Using less malloc and free makes code _slower_

**chlorine** · 08-10-2011

I have written a program that uses a queue structure. It is implemented as a struct containing a void * array, and indexes pointing to the first and last element in the queue.
I use this structure to store pointers, but I also use it to store long ints.

So when I wrote the first version of the code when I needed to store a long int I would malloc a space for it and store it in the queue:

Code:

pdata=malloc(sizeof(node_id));
*pdata = v;
queue_add(qbfs,(void *)pdata);

(node_id is a typedef for long int and queue_add is the function I wrote for inserting an element in the queue).

For removing an element I would read from the pointer and then free it:

Code:

pdata = (node_id*)queue_get(qbfs);
u = *pdata;
free(pdata);

Now I wanted my code to run faster, and I thought all these mallocs and frees were not good.
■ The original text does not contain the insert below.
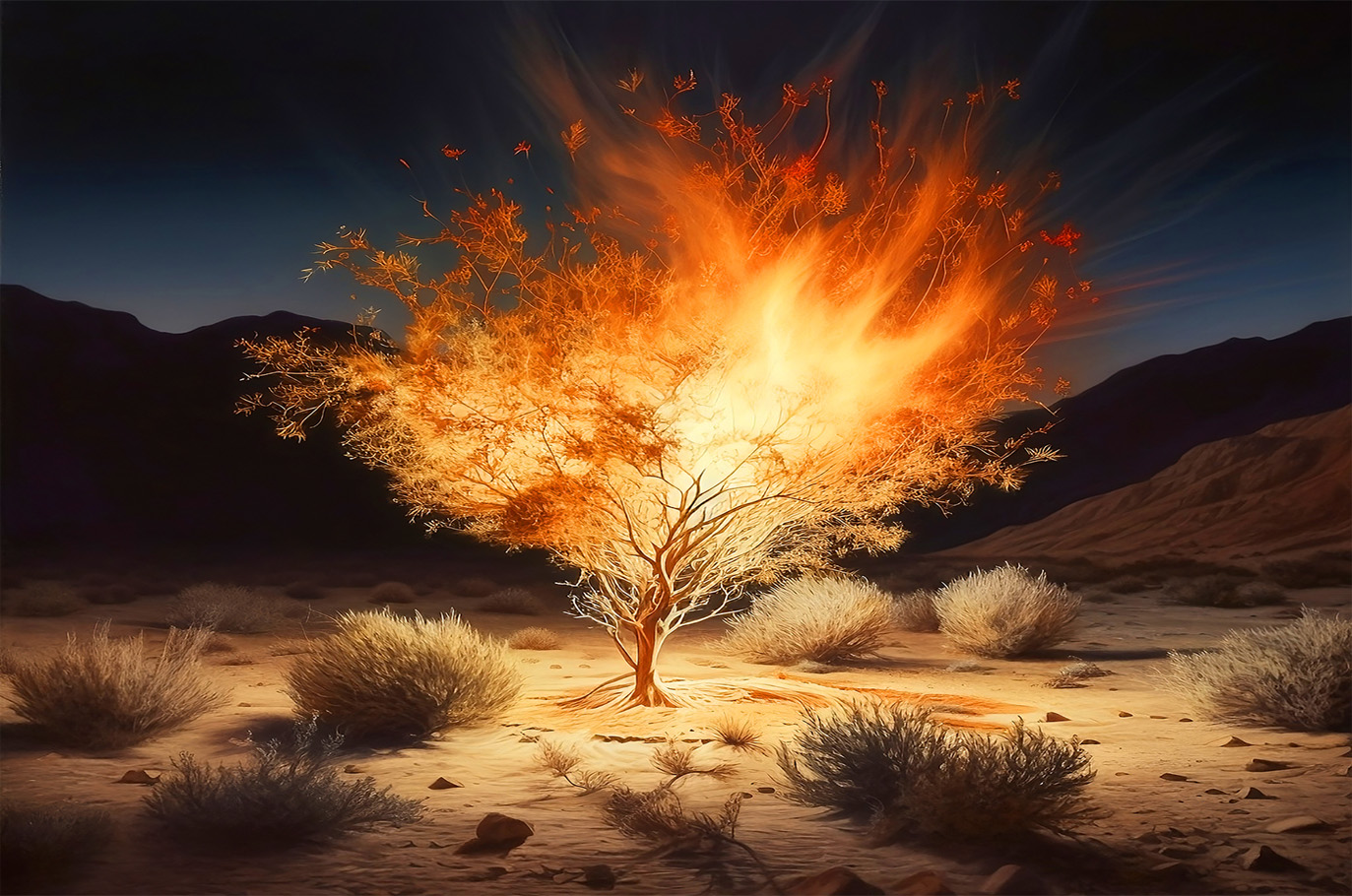 One day while minding Jethro's sheep in the back side of the desert, God grabbed his attention through the unlikely scene of a bush that appeared to be on fire, but was not burning. Intrigued by the strange sight, he turned aside to see what was going on and heard a voice speaking to him from the bush.

So I created a variant of my queue structure that contains a long int array, to be able to store my long ints directly. This made the code run _much_ slower. I tried every variation I could think of, but everything just seems to slow my code down. In the end I've done a version which uses the same queue structure but casts the long ints to pointers, replacing the above snippets of code by lines such as:

Code:

queue_add(qbfs,(void *)v);

u = (node_id)queue_get(qbfs);

(I have checked that long ints and pointers are the same size on the machine I'm using, and that this does not change the results of the program).
The resulting code is much slower. To compare the running times of the two:

Code:

real    0m21.208s
user    0m3.688s
sys     0m17.517s

versus

Code:

real    0m3.900s
user    0m2.740s
sys     0m1.148s

I use some random calls in my program but I used a srandom(0) at the beginning of both versions, and checked that the results are identical.
I've run diff between the two versions a thousand time to check that the differences are only in the queue management.

I've compiled the two versions of the code in the same way (no option except -W and -Wall), and am running them on the same machine. I have done the compilations and timing several times to check that I was not getting mixed up between which version is which.

I've isolated these snippets of code to launch them on their own in a program that does 2 millions inserts and two millions remove from the queue, and in this case, the cast version is faster.

I must be missing something really obvious but I am out of my depth.
Any idea how using the same code, with less malloc and free, can run slower? And why is it spending so much more time in sys state?

Thank you for reading.

**laserlight** · 08-10-2011

I think that you should post your code.

**Codeplug** · 08-10-2011

What is the address value of "v"? Is it a multiple of 4?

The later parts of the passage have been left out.